Given records:
Segment Open

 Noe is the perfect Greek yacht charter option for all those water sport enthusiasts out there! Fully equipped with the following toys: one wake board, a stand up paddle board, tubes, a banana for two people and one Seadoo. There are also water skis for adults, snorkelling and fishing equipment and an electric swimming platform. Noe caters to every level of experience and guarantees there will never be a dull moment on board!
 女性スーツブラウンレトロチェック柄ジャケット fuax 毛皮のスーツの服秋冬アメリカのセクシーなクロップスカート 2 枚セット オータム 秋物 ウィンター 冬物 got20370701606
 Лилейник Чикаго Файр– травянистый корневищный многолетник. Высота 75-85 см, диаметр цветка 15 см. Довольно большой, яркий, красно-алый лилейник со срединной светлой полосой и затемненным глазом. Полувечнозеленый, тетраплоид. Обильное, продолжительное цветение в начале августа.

Segment Closed
Segment Open

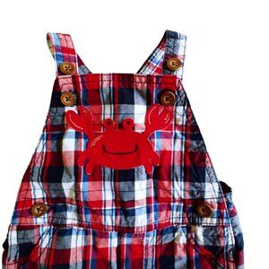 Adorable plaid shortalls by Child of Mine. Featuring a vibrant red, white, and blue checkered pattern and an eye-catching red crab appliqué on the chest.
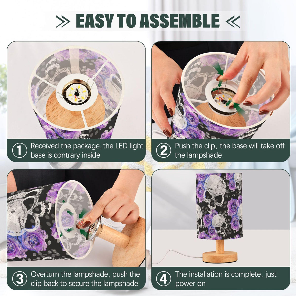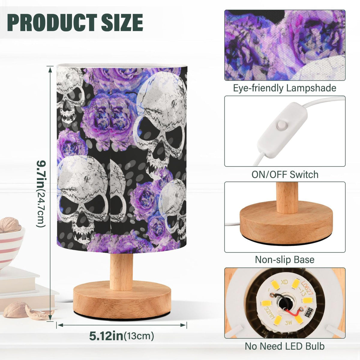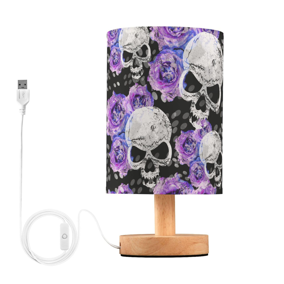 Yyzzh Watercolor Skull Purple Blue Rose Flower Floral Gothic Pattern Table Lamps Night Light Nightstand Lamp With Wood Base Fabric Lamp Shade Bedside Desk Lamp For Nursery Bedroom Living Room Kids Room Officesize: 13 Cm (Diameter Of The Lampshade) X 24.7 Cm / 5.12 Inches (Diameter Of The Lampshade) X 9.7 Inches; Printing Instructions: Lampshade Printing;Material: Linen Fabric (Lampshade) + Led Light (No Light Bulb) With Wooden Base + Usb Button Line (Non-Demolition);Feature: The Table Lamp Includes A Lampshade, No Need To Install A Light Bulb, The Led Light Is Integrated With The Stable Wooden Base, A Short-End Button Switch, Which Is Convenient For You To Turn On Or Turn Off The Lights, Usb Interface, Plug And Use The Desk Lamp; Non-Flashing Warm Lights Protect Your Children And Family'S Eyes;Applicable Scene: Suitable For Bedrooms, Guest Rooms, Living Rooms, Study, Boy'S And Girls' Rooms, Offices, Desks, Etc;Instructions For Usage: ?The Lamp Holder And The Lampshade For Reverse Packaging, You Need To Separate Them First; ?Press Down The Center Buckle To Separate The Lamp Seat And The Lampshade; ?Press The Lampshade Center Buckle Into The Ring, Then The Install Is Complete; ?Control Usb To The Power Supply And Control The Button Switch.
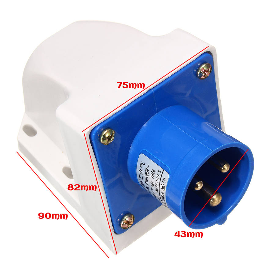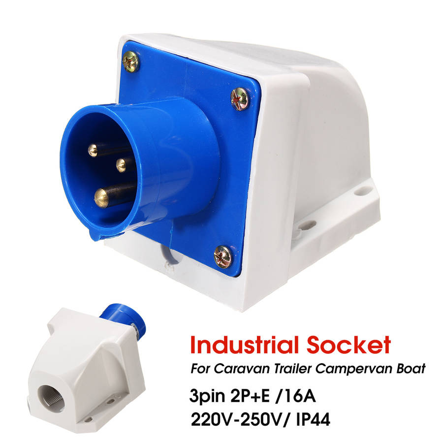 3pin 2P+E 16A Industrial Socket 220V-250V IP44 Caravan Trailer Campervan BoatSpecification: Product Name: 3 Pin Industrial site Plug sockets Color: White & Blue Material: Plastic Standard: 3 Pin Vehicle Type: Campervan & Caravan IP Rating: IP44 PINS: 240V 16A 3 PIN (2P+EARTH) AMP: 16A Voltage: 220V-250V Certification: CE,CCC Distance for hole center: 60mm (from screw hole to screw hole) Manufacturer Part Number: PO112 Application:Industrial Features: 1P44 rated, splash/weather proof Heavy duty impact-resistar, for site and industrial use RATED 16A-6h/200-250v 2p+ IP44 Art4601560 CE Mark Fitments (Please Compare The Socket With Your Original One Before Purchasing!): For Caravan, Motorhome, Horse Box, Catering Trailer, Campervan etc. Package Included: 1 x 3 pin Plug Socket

Segment Closed

What is being asked:
With the line that has "女性スーツブラウンレトロチェック柄ジャケット fuax 毛皮のスーツの服秋冬アメリカのセクシーなクロップスカート" as the first and the line that has "Лилейник Чикаго Файр–" as the last, repeat exactly that run of lines above and no more.

Written solution:
 女性スーツブラウンレトロチェック柄ジャケット fuax 毛皮のスーツの服秋冬アメリカのセクシーなクロップスカート 2 枚セット オータム 秋物 ウィンター 冬物 got20370701606
 Лилейник Чикаго Файр– травянистый корневищный многолетник. Высота 75-85 см, диаметр цветка 15 см. Довольно большой, яркий, красно-алый лилейник со срединной светлой полосой и затемненным глазом. Полувечнозеленый, тетраплоид. Обильное, продолжительное цветение в начале августа.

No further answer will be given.